WILMINGTON, Del.--(BUSINESS WIRE)--Rigrodsky & Long, P.A. announces that a complaint has been filed in the United States District Court for the District of Minnesota on behalf of all persons or entities that purchased the common stock of St. Jude Medical, Inc. (“St. Jude” or the “Company”) (NYSE: STJ) between October 17, 2012 and November 20, 2012, inclusive (the “Class Period”), alleging violations of the Securities Exchange Act of 1934 against the Company and certain of its officers (the “Complaint”).
If you purchased shares of St. Jude during the Class Period, or purchased shares prior to the Class Period and still hold St. Jude, and wish to discuss this action or have any questions concerning this notice or your rights or interests, please contact Timothy J. MacFall, Esquire or Peter Allocco of Rigrodsky & Long, P.A., 825 East Gate Boulevard, Suite 300, Garden City, NY at (888) 969-4242, by e-mail to email@example.com, or at: http://www.rigrodskylong.com/investigations/st-jude-medical-inc-stj-durata.
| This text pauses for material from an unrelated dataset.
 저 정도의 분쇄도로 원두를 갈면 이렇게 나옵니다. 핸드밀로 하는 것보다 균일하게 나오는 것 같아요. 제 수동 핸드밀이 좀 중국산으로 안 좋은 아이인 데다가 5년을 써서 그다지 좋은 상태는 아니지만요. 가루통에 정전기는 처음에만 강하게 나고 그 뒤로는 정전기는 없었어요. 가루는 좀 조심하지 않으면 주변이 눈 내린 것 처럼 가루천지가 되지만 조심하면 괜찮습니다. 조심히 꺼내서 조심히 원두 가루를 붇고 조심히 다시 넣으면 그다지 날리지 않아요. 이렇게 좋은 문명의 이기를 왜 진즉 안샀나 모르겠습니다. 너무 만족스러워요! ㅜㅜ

St. Jude, a Minnesota corporation headquartered in St. Paul, Minnesota, develops, manufactures and distributes cardiovascular medical devices for the global cardiac rhythm management, cardiology and cardiac surgery and atrial fibrillation therapy areas and neurostimulation medical devices for the management of chronic pain. The Complaint alleges that throughout the Class Period, defendants made materially false and misleading statements, and omitted materially adverse facts, about the Company’s business, operations and prospects. Specifically, the Complaint alleges that the Defendants concealed relevant information from the investment community relating to a report issued by the United States Food and Drug Administration (“FDA”) for one of its chief products, the Durata defibrillation lead. As a result of defendants’ false and misleading statements, the Company’s stock traded at artificially inflated prices during the Class Period. Capitalizing on this was the Company’s Chief Executive Officer, Daniel J. Starks, who took advantage of the artificially inflated prices of St. Jude stock, and sold 200,000 shares for proceeds totaling more than $7.6 million.
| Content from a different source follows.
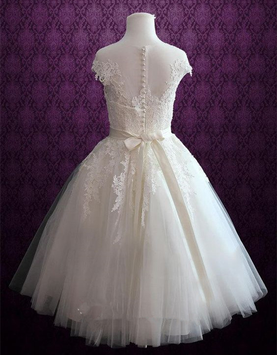 Sheer Round Neck Short Wedding Dresses Lace Appliques Simple Bridal Gowns with Button Robe De Mariage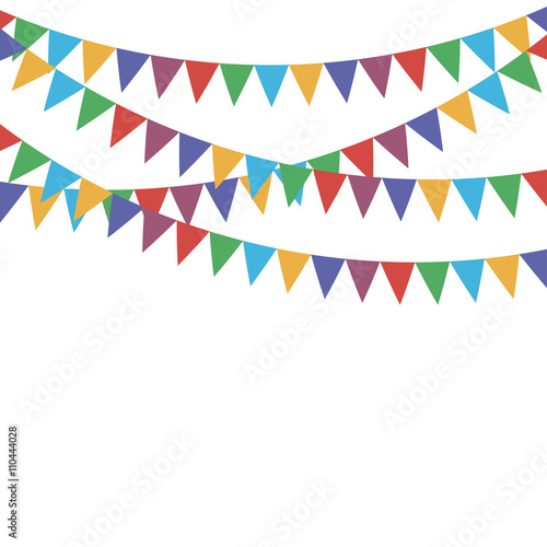 Multicolored bright buntings flags garlands isolated on white background

According to the Complaint, the Company stated during an October 17, 2012 earnings call that a St. Jude production facility located in Sylmar, California was undergoing an FDA inspection. This inspection was expected to generate the issuance of a “Form 483” - a form used by FDA investigators to list observations of objectionable conditions found during the course of an inspection. On October 24, 2012, the Company filed a Form 8-K with the United States Securities and Exchange Commission (“SEC”), attaching a heavily redacted version of the Form 483 issued by the FDA. The version released by the Company fails to include any product name associated with the inspection results.
However, on November 20, 2012, the FDA released its own version of the Form 483 for its inspection of the Sylmar facility. The version released by the FDA, while still redacted, nevertheless showed clearly that most of the observations of objectionable conditions listed on the form pertained to Durata. Despite knowing that most of the inspection report concerned issues pertaining to Durata, the defendants chose to conceal this information from the investing public by issuing the heavily redacted version. On this news, shares in St. Jude declined 12%, from a close of $35.71 per share on November 20, 2012 to $31.37 per share on November 21, 2012, on volume of over 26 million shares.
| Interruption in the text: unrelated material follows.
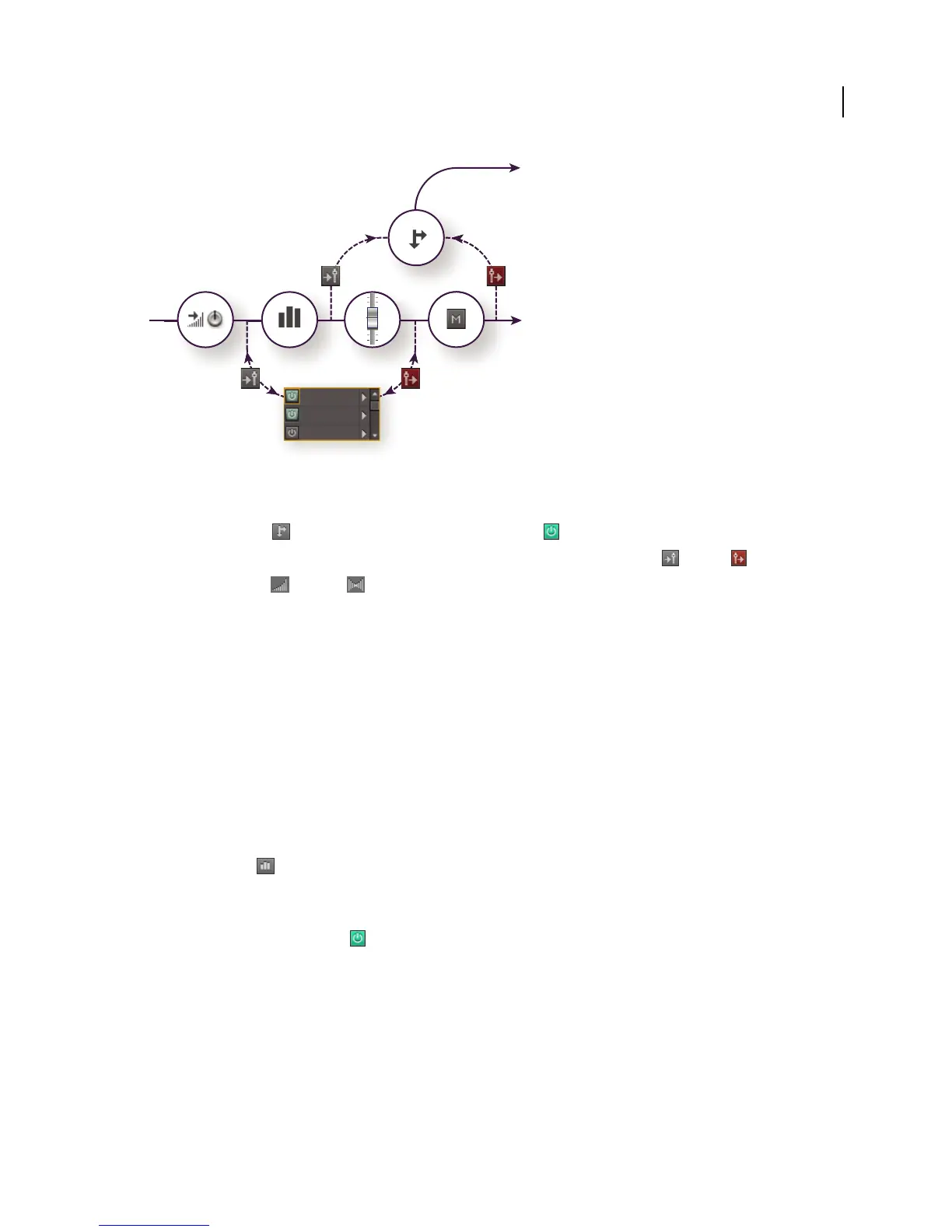 1 In the Sends area of the Mixer, click the send Power button .

If you wish to serve as lead plaintiff, you must move the Court no later than February 5, 2013. A lead plaintiff is a representative party acting on behalf of other class members in directing the litigation. In order to be appointed lead plaintiff, the Court must determine that the class member’s claim is typical of the claims of other class members, and that the class member will adequately represent the class. Your ability to share in any recovery is not, however, affected by the decision whether or not to serve as a lead plaintiff. Any member of the proposed class may move the court to serve as lead plaintiff through counsel of their choice, or may choose to do nothing and remain an absent class member.
While Rigrodsky & Long, P.A. did not file the Complaint in this matter, the firm, with offices in Wilmington, Delaware and Garden City, New York, regularly litigates securities class, derivative and direct actions, shareholder rights litigation and corporate governance litigation, including claims for breach of fiduciary duty and proxy violations in the Delaware Court of Chancery and in state and federal courts throughout the United States.